RV infection of human tracheal submucosal gland cells. Exposing confluent human tracheal submucosal gland cell monolayers to RV14 (105 TCID50 units/ml) consistently led to infection. Collection of culture medium at differing times after viral exposure revealed no detectable virus 1 h after infection. RV14 was detected in culture medium 8 h after infection, and the viral content progressively increased between 8 and 24 h after infection (Fig. 2). Evidence of continuous viral production was obtained by demonstrating that the viral titers in supernatants collected for 1-3, 3-5, and 5-7 days after infection each contained significant levels of RV14 (Fig. 2).

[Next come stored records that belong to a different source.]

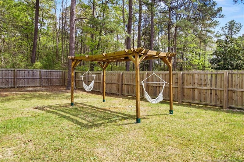 Listing details for 3365 Fork Ln, Hope Mills, NC 28348 : Welcome home to this beautifully situated property on a full acre of land, offering space, privacy, and thoughtful features both inside and out — plus the added benefit of solar panels for energy efficiency and water filtration for peace of mind.Step inside to find a versatile flex room just off the entrance, perfect for a formal dining area, home office, or additional sitting space. The living room is filled with natural light and anchored by a cozy gas fireplace, creating a warm and inviting atmosphere for everyday living. The kitchen features granite countertops and all the essentials, along with an eat-in dining area that overlooks the backyard — making it easy to enjoy peaceful views while you cook or gather for meals. Designed with privacy in mind, the primary suite is located on one side of the home, separate from the remaining bedrooms. The primary bathroom includes dual vanities, a relaxing garden tub, and a walk-in closet. Two additional bedrooms and a full bathroom are positioned on the opposite side, offering a functional split-bedroom layout.Step outside to your fully fenced backyard with a privacy fence, where you’ll find a patio, pergola, and firepit — the perfect setup for entertaining, relaxing evenings, or enjoying your own private retreat.With a full acre of land, energy-saving solar panels, and a well-designed layout, this home offers the space and features you're looking for. Welcome Home!Welcome Home! AGENTS-not a member of MLS? Call Showing Time for access/disclosures.
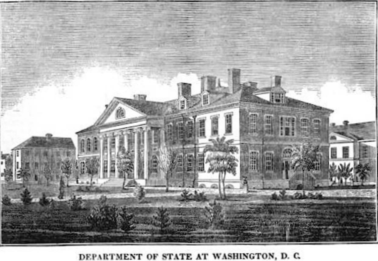 Image: U.S. State Department building in Washington D.C. in 1835 via Wikimedia Commons, public domain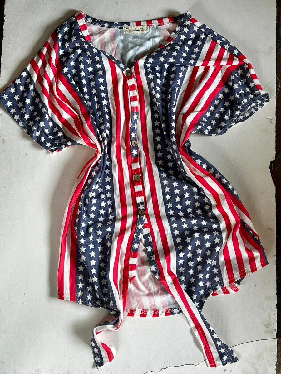 Patriotic women's tunic featuring iconic stars and stripes design. Lightweight and comfortable, perfect for casual outings, beach days, or festive occasions. Easy button-up style adds convenience and charm. Ideal for expressing your American pride with style.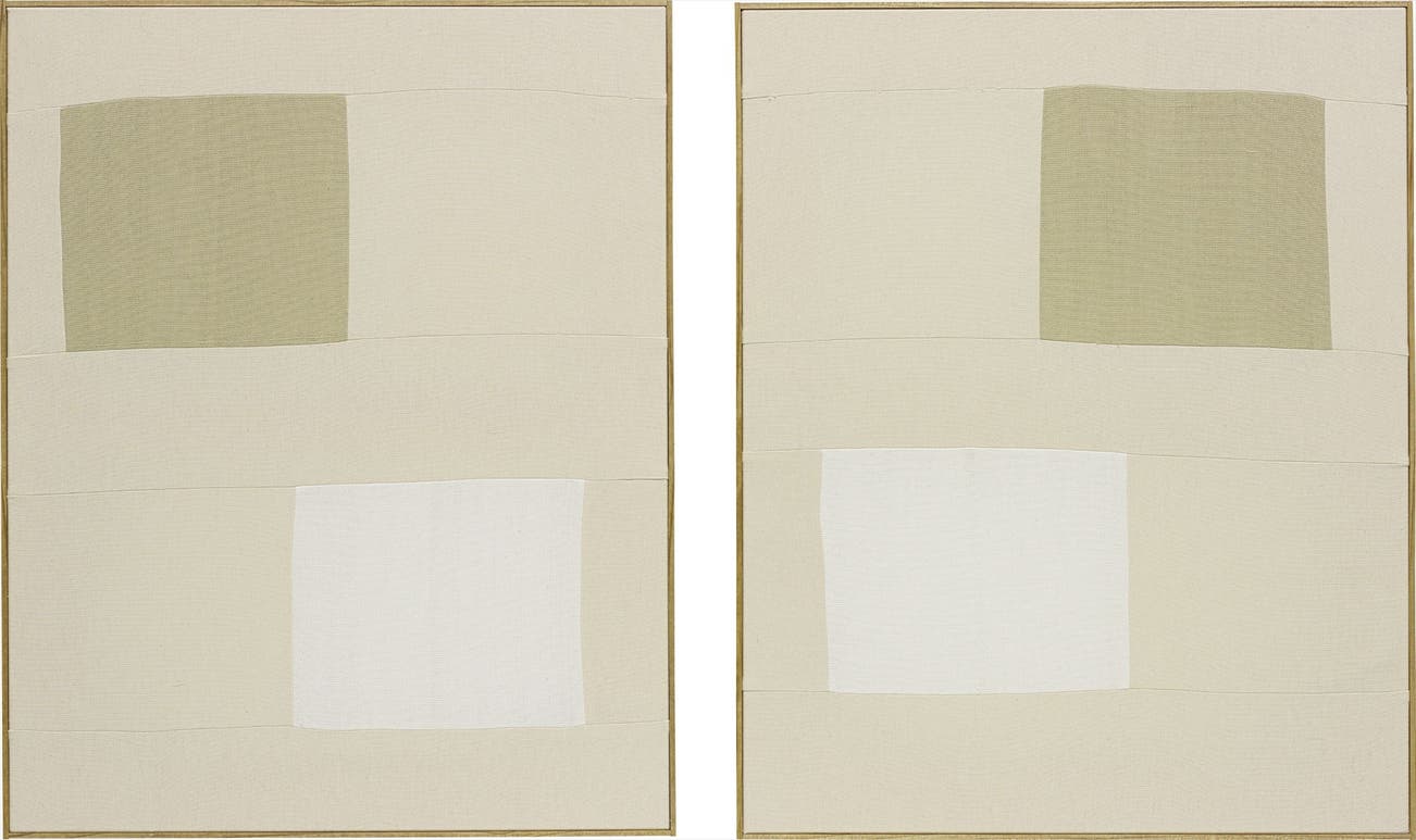 two hand woven cotton canvases, in artist's frames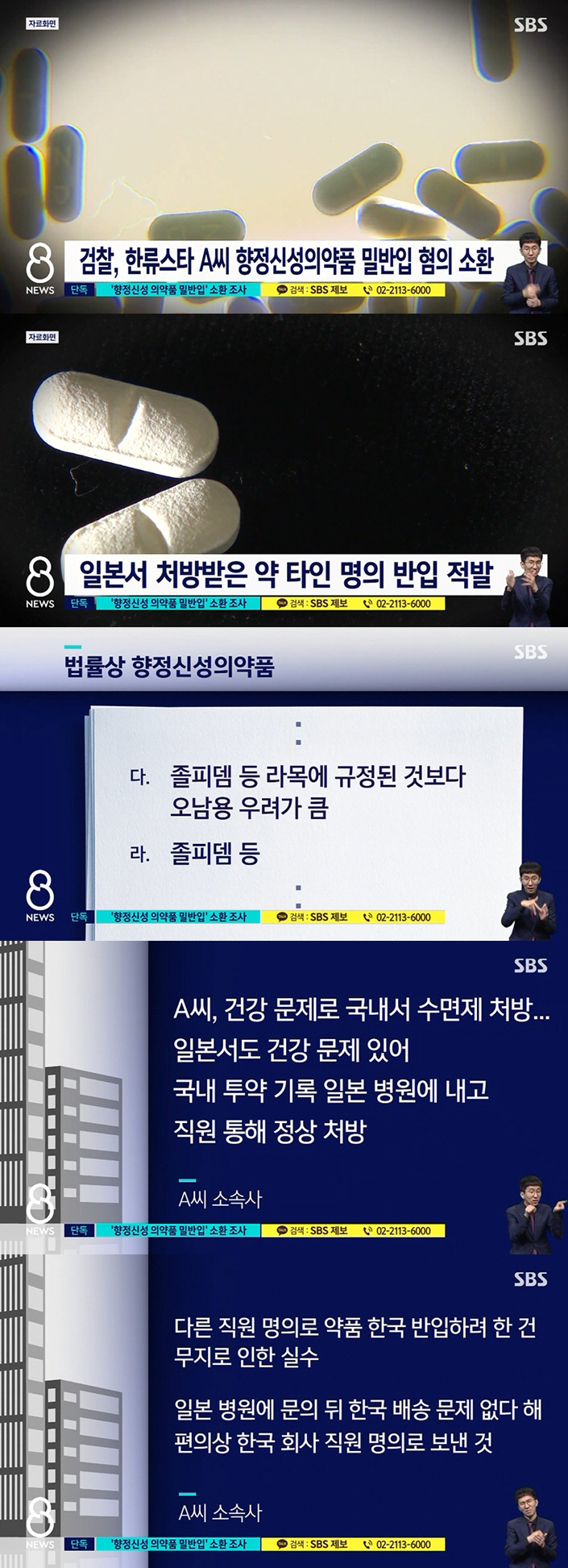 검찰 조사 결과, A씨는 소속사 일본 지사 직원을 통해 일본에서 졸피뎀 등 향정신성의약품을 처방받은 뒤 국내 직원 명의로 한국에 반입하려다 세관 검색 단계에서 적발된 것으로 밝혀졌다. 적발된 의약품에는 졸피뎀보다 오남용 우려가 심해 법률상 '다' 목으로 분류된 약품도 포함된 것으로 전해졌다.

Analysis of the levels of cell-associated virus (the virus detectable in sonicates of the human tracheal submucosal gland cells) followed a similar time course to that observed in the medium (Fig. 2). In both cell supernatants and lysates, viral titer levels increased significantly with time (P < 0.05 in each case by ANOVA). Human tracheal submucosal gland cell viability as assessed by the exclusion of trypan blue was consistently >96% in RV14-infected cultures. Likewise, RV14 infection did not alter the amount of lactate dehydrogenase in the supernatants (31 ± 3 IU/l before vs. 34 ± 3 IU/l 5 days after infection; P > 0.20; n = 7). RV14 infection also had no effect on cell numbers. Cell counts 24 h after infection were not significantly different (6.0 ± 0.4 × 105 in noninfected cells vs. 6.0 ± 0.3 × 105 in infected cells; P > 0.50; n = 7).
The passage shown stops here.